More silliness you may have tried too
Sometime though you catch what you don’t really want – just like the joke about an old boot!
But how about a big wet rag on your line? I kid you not, they fight like demons, really solid, kite a bit but pull down deep. You should see someone’s face when they have caught a towel. It’s a real treat. Must remember… haven’t done that one for a while!
We also used to do silly tricks on ourselves – and this is one you shouldn’t try – by checking if electric fences were really switched on.
It only takes a quick touch and you get this ridiculous shock which for some reason used to make us giggle.
You could, of course, pretend to hold the fence, just wrap your hand around the wire without touching it. Then you got a giggle when your mate jumped back as he touched it for real to check what you had told him that it wasn’t live.
Having avoided the electric fence, the bull in the field and then survived the very long walk back to your mate’s mum’s car you certainly didn’t want to make your journey home more difficult. It was bad enough that three of you got into a rabbit hutch car with a basket and holdall each…
But if you had a fishing pal like my mate Harry things could get a bit difficult, especially as his mum had a habit of getting a bit volatile if made to wait a long time for us anglers. So having arrived back at our pick-up point a bit late we were already on dangerous ground.

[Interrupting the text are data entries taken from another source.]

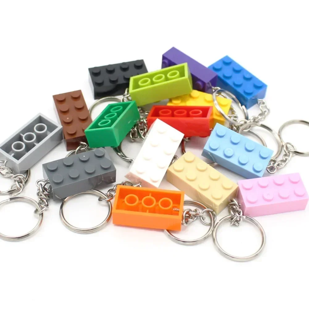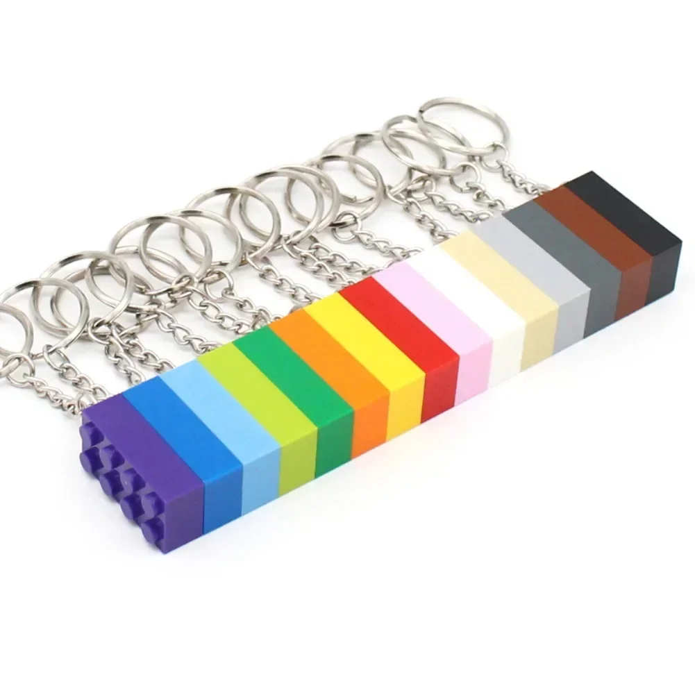 10pcs DIY MOC Brick Keychain Plate Thick Bricks 2x4 3001 Key Chain Building Block Xmas Gift for Kids Compatible with Legoeds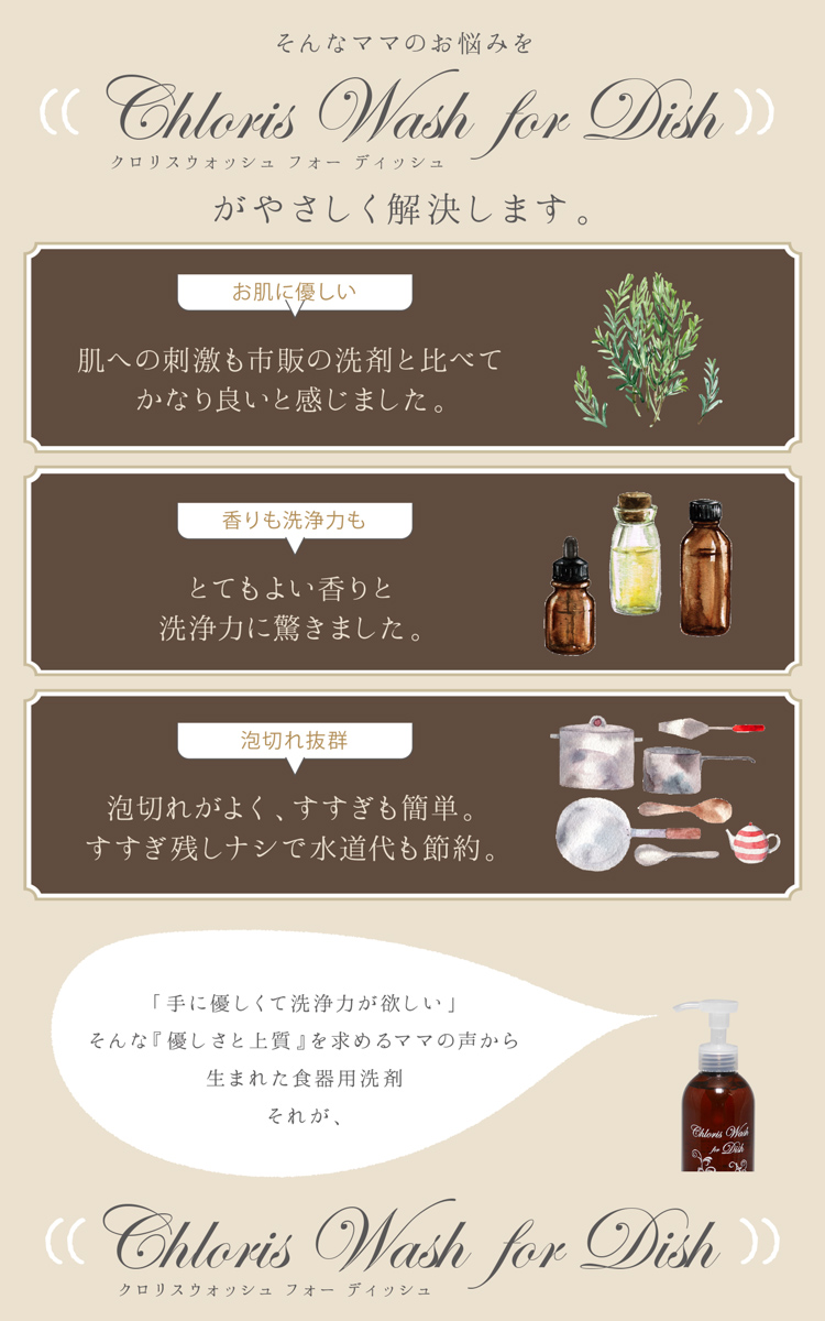 手にやさしくて洗浄力が欲しい、そんな「やさしさと上質」を求める声から産まれた食器用洗剤「Chloris Wash for Dish -クロリスウォッシュフォーディッシュ-」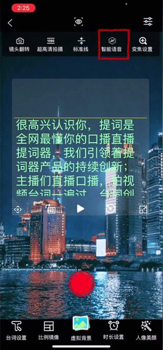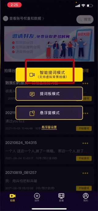 2、在【拍摄】页面然后找到一个台词,我们点击开始提词,选择第一个智能提词模式;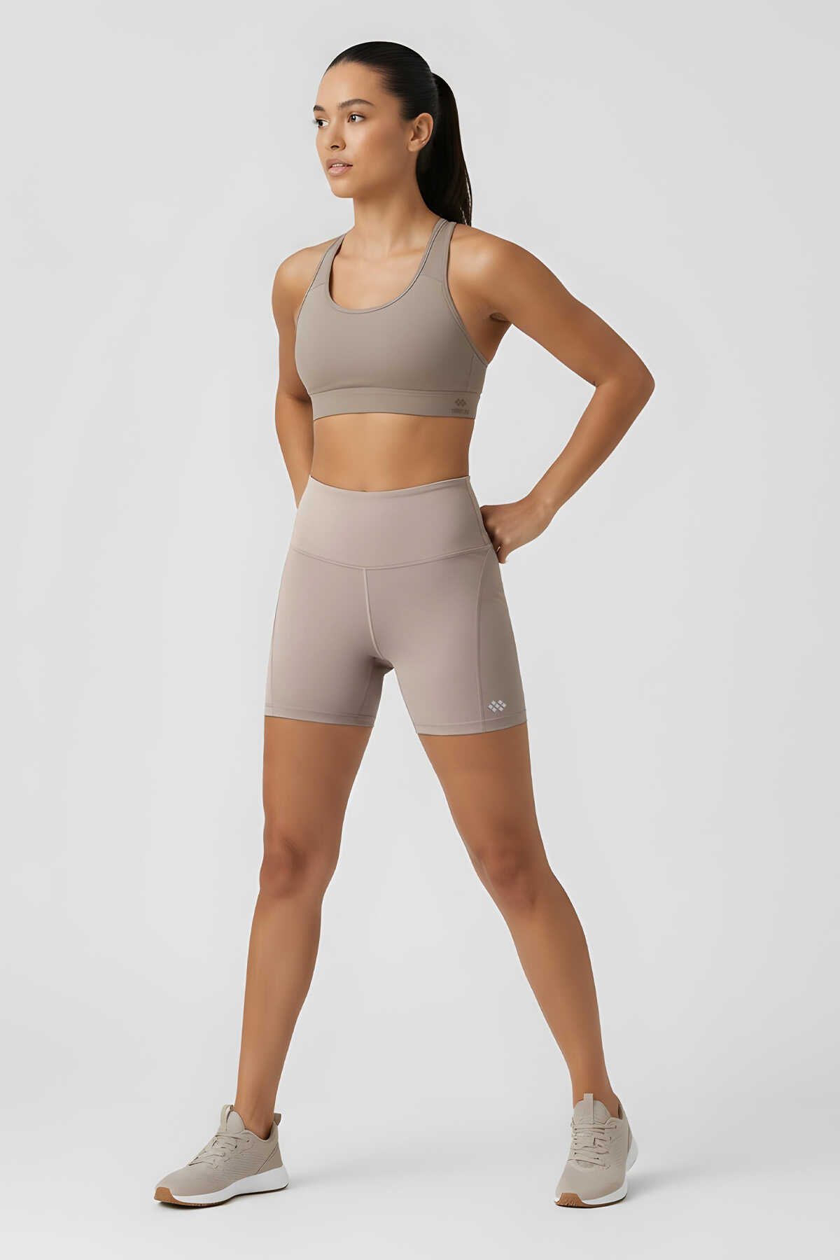 Tommlife Toptan Koyu Bej Yüksek Bel Slim Fit Kısa Biker Kadın Tayt - 91017

Harry didn’t help matters when he delved into his groundbait bucket – a proper household bucket filled with water – and produced a live 4lb eel which he put perilously close to his mother’s face and exclaimed: “Look what I caught!”
The air turned blue! Harry was ordered to put the eel back into the bucket of water and get it back to the river like he was always going to anyway. However, the threat of a 12-mile walk back home for us looked very, very close.
We did get our lift back in total silence broken only when we pulled up on the drive of Harry’s home: “Thanks Mam, I have got a present for you though… some smaller eels I have kept in my basket.”
Thankfully he was joking…
A right wriggling nightmare
Sometimes the laughs are not deliberate, such as at the first big festival English anglers staged in Holland where one of the competitors was that great river angler Paul Newell.
Now worms were in short supply and a valuable bait so Paul decided he would keep them in his hotel bathroom overnight in an open container with the light left on so that the worms stayed in their dirt. But during the night his other half went to the loo and as she came out of the bathroom switched off the light.
You can guess the rest…
Ivan’s terrible yellow perils
And finally we have to return to the legend that was Ivan Marks. Not a jolly jape just a normal happening in the life of an angling master…
We were off to Germany to fish a big match on the River Weser as guests of the British Army and turned up with all of our gear at Luton Airport. It was a civilian flight but hired out to the military.
Some rather zealous jobsworths decided it would be a good idea to check out our fishing luggage and delve into our boxes. A hand went into Ivan’s and pulled out a mass tangle of catapults, reels and other accessories – all jumbled together.
But a tub of yellow maggot dye was also extracted and managed to spill onto two of the airline baggage guys who must have thought they were being poisoned. They ran around like headless chickens as Ivan just pulled out another of his famous ciggies, lit up and shook his head.
When we did get to Germany Ivan still had enough dye to colour up some freshly bought maggots – all of our bait had been “held” at the airport except the couple of bags of casters some of us had managed to slip into our pockets.
The problem was that Ivan decided to dye his bait in the bathroom sink – at the home of the high-ranking officer he was staying with. The Captain, Colonel, Major or whatever his rank didn’t say a word about his newly coloured bathroom. I think he was just so happy to have Mr Marks stay with him!